An admirable idea, but the cynical part of me suggests that the "free" afternoon will be used catching up on all the dreary bureaucratic must-dos that overwhelm the 21st century workplace, with its obsession with form-filling, controls, assessments and so on.

But looking around at semi-rural Germany, where I live, in some ways the glorious "Wednesday early-closing" days that I remember from my early childhood have never really gone away. There are shops in our town who still have early closing on Wednesdays. Many have a lunch break - which can be up to two hours - and it's not so very long ago that almost every retail establishment closed its doors at 13:00 sharp on Saturdays. Schools still finish at lunchtime, and the majority of workers seem to knock off on Fridays at mid-day, judging by the state of the roads at this time. 

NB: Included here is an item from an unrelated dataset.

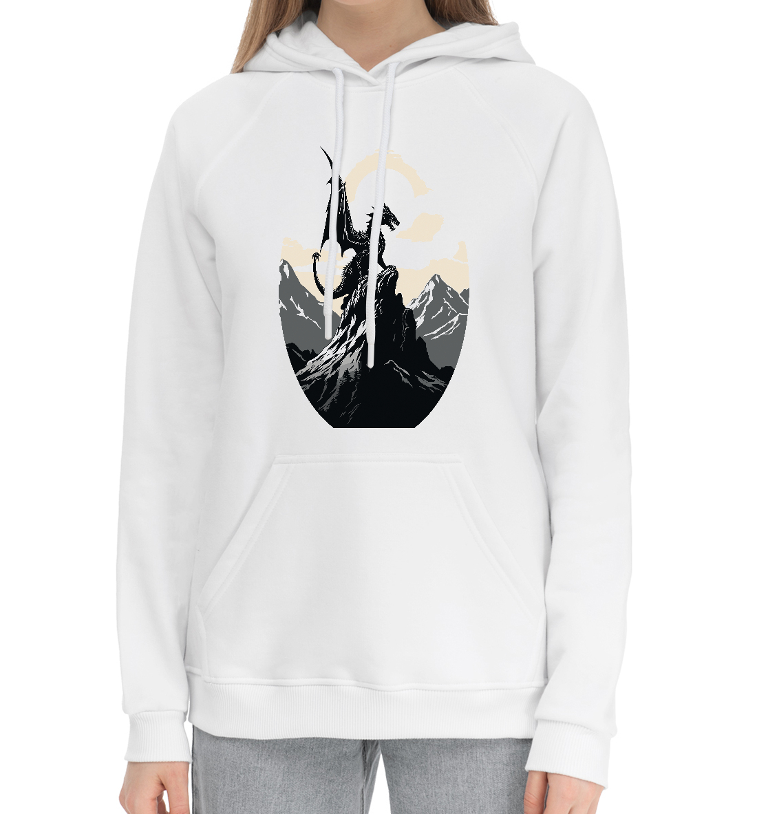 Женский хлопковый худи с принтом «Дракон на горе»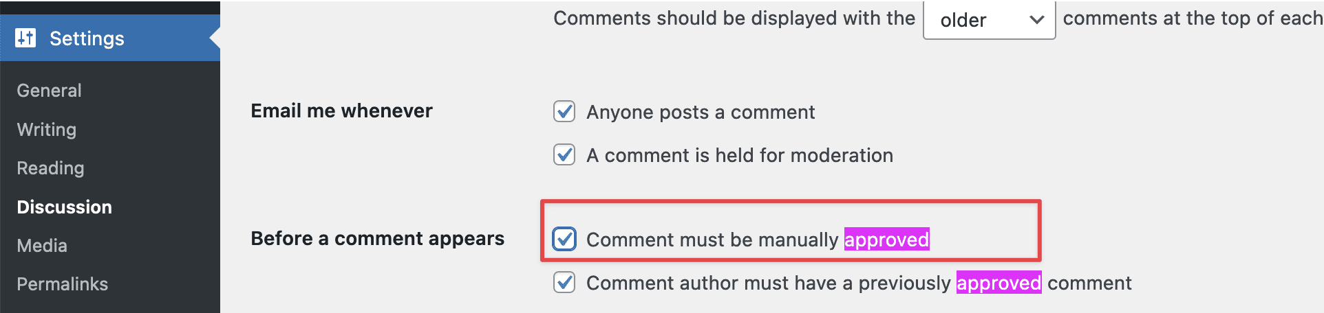Để bật hoặc tắt chức năng kiểm duyệt bình luận các bạn tích chọn hoặc bỏ tích chọn mục Nhận xét phải chờ được kiểm duyệt (Comment must be manually approved)

Is this a quaint leftover from the past, a stubbornly analogue way of working that doesn't quite fit in the 24/7 always-on digital world?

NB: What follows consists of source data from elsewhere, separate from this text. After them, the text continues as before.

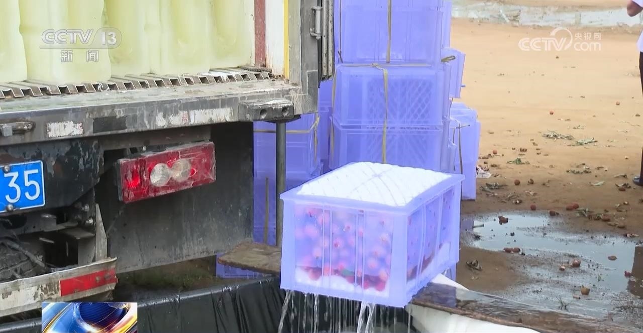這邊采購商前腳剛走,梁康連就來到荔枝分揀打包中心。現(xiàn)在這里剛采摘下來的荔枝,分選打包后,要放到冰水里浸泡一個(gè)小時(shí)以上,再裝上冷鏈車物流運(yùn)輸保證荔枝的新鮮度。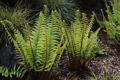 Dryopteris species come in a variety of shapes and sizes. Most gardeners assume that all ferns are green but Dryopteris species have variation in that regard - which ironically makes many people think they a dying or drying out! - once a week I have a customer telling me they need watered! The new growth on some species may be copper or cinnamon or even black.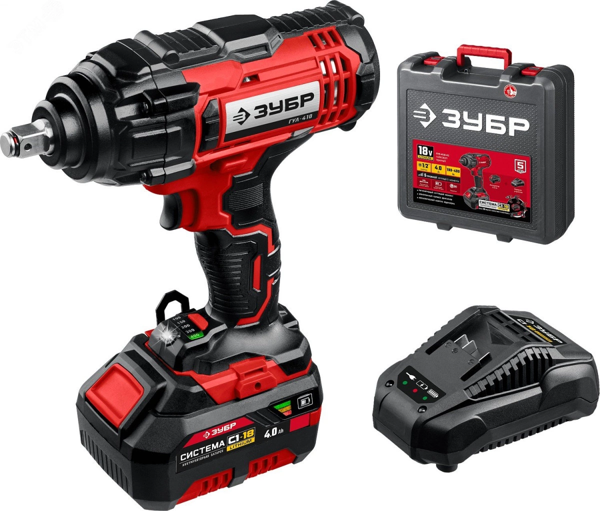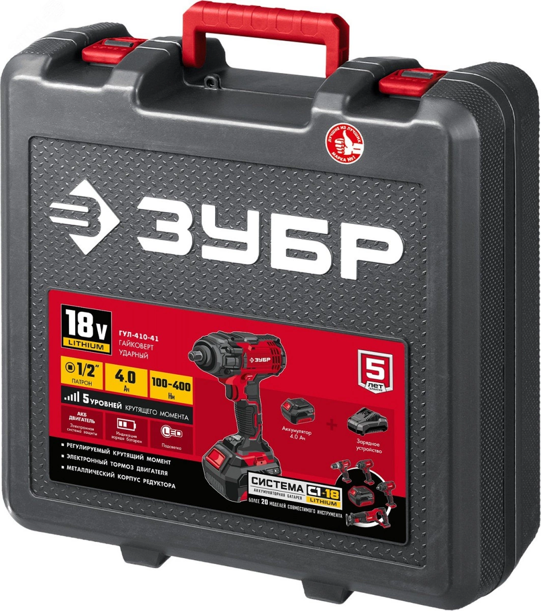 Незаменимый инструмент для автомобильной мастерской. Огромный крутящий момент для наиболее сложных работ. Ударная функция позволяет заворачивать крепеж большого диаметра и отворачивать приржавевшие метизы. Пять уровней регулировки предоставляют возможность настроить крутящий момент под предстоящую работу или используемый крепеж. Изменение настройки максимального момента в одно касание с наглядной индикацией. Аккумуляторная батарея емкостью 4.0 Ач для большей производительности. Литийионная технология ЗУБР нового поколения - увеличение производительности на 35%. Электронная система защиты от перегрузки, перегрева и глубокой разрядки. отсутствие эффекта памяти. Отсутствие потери мощности в процессе работы.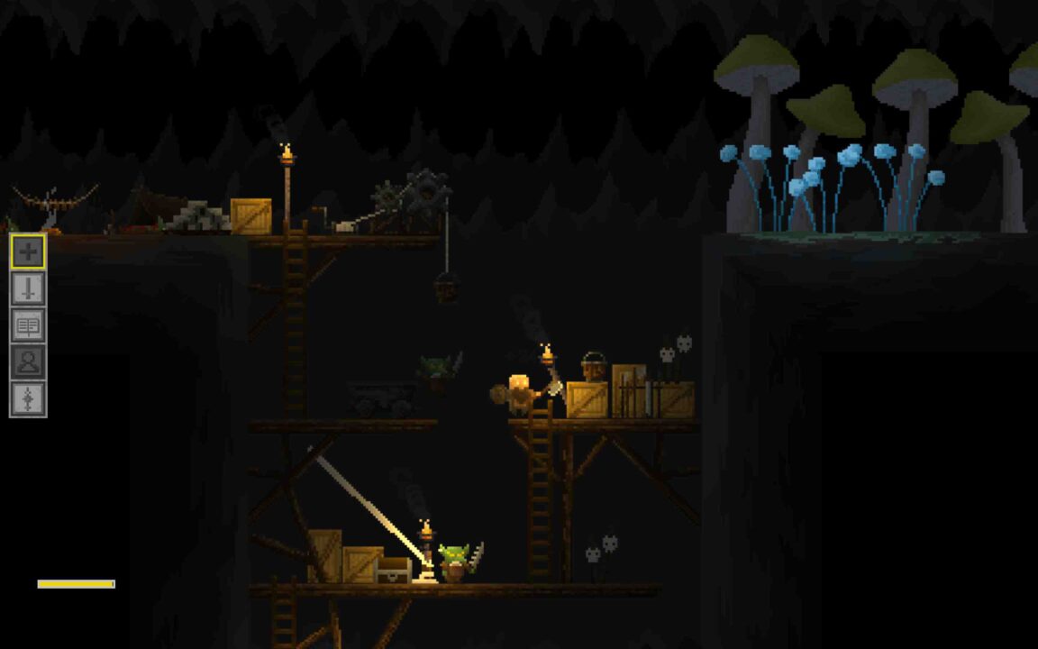 Ever wonder what would happen if Kingdom met a broad, skill based open world RPG? Welcome to Regions of Ruin. Regions of Ruin is a 2D side-scrolling RPG with town-building where you are introduced to an open world that progressively challenges your hero and settlement the further you delve into the vast continent. You will discover a foreboding land ravaged by hundreds of years of hardship. Where, kingdoms have risen and fallen, settlements have been laid to waste and overrun by warring groups, and great mysteries lay hidden and waiting to be unearthed – assuming you can defeat their jealous guardians. This is a 2D sidescroller RPG with light settlement management elements, you explore points on a world map that each represent a quasi dungeon that you explore, loot and defeat enemies in, once they are all gone you can send your workers from your capital into the dungeons to harvest resources. The King is Watching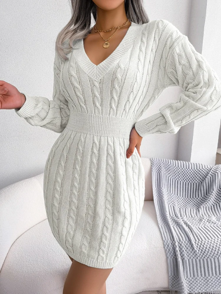 New Women Spring Autumn V-Neck Solid Color Knitting Long Sleeves Closing Waist Pullover Mini Sweater Lady Dress High Quality Sof

Or have the Germans maybe known all along that efficiency only comes from giving it a rest now and again?  

Monday, 7 January 2019

The constancy of change

Just before Christmas, I commented on a post by Paul Feldwick, of The Anatomy of Humbug fame.  He'd compared two quotes about young people and advertising, over four decades apart:

Audiences these days, especially younger millennials, are super adept at seeing through cheap efforts to sell to them. If brands want to engage they need to be authentic and subtle.
Andrew Mole writing in Campaign Sept 2016
The under-30 generation loathes sham and hypocrisy... ‘tell it like it is’ is the touchstone.... more wit, honesty, verve, self-deprecation and irreverence.
Lee Adler writing in Business Horizons, February 1970

Can you spot the difference?

As I was in the midst of the annual deluge of innovation and trend reports, almost all of which start with some commentary about the "pace of change," I asked Paul whether he knew of any quotes from way back then about the extraordinary pace of change. He pointed me in the direction of this:

Whang! Bang! Clangety-clang! Talk about the tempo of today - John Smith knows it well. Day after day it whirs continuously in his brain, his blood, his very soul.

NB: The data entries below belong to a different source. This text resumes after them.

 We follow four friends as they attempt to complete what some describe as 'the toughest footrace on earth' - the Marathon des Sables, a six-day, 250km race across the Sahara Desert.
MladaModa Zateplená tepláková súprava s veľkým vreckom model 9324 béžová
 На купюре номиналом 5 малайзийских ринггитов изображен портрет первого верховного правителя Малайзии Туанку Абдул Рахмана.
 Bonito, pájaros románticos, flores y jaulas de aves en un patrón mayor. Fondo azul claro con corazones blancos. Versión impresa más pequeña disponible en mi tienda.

You can read the rest of A.B. Carson's 1928 description of an ad-man here.

There's a certain amount of arrogance in thinking that we live in times of greater change than ever before. But even the ancient Greeks knew that the only constant in life is change. I should think John Smith and his colleagues back in 1928 believed that the the electric, jazz world of the 1920s was "peak change" or whatever expression they used. 

As I read yet again about autonomous this or that, gameifying whatever, cryptocurrencies, smart cities, extended reality, voice technology, facial recognition, artificial intelligence and all the rest, the real world outside continues to confound the shiny new world of the future where everything works on demand. 

Maybe it's a fall of snow that makes everything grind to a halt. Maybe it's artificial stupidity instead of artificial intelligence. Things don't work, things get broken, unpredictable stuff happens.

Annoying, yes, but charming too, in the way that perfection lacks soul.

OK, time to scurry off to catch that train.

Wednesday, 2 January 2019

Safety and Style

I've said before that the trick to a successful brand often lies in a paradox - either resolving it or celebrating it.

For my first post this year, here's another first: "A beanie that's as safe as a helmet."

Antiordinary is a helmet for skiers and snowboarders which is soft and flexible (and looks to all extents and purposes like a woolly hat) but which hardens on impact. This is achieved via use of non-Newtonian materials (I had to check that one, but it's liquids that don't obey the usual viscosity rules, such as quicksand, ketchup or do-it-yourself cornflour slime), which is a good association for the brand name.

The helmet is the brainchild of 3 jolly-looking Aussie guys, who use words like "rad" and "shredding" on the website, but assure us that the helmet, once launched (via Crowdfunder) will get all the usual required safety certification.

All of this leads neatly into the paradox this solves: safety and style in one, conforming in a non-conformist way - what could be more perfect for the young target market?

And why stop at ski-ing? I am sure there are helmet opportunities to be had far and wide.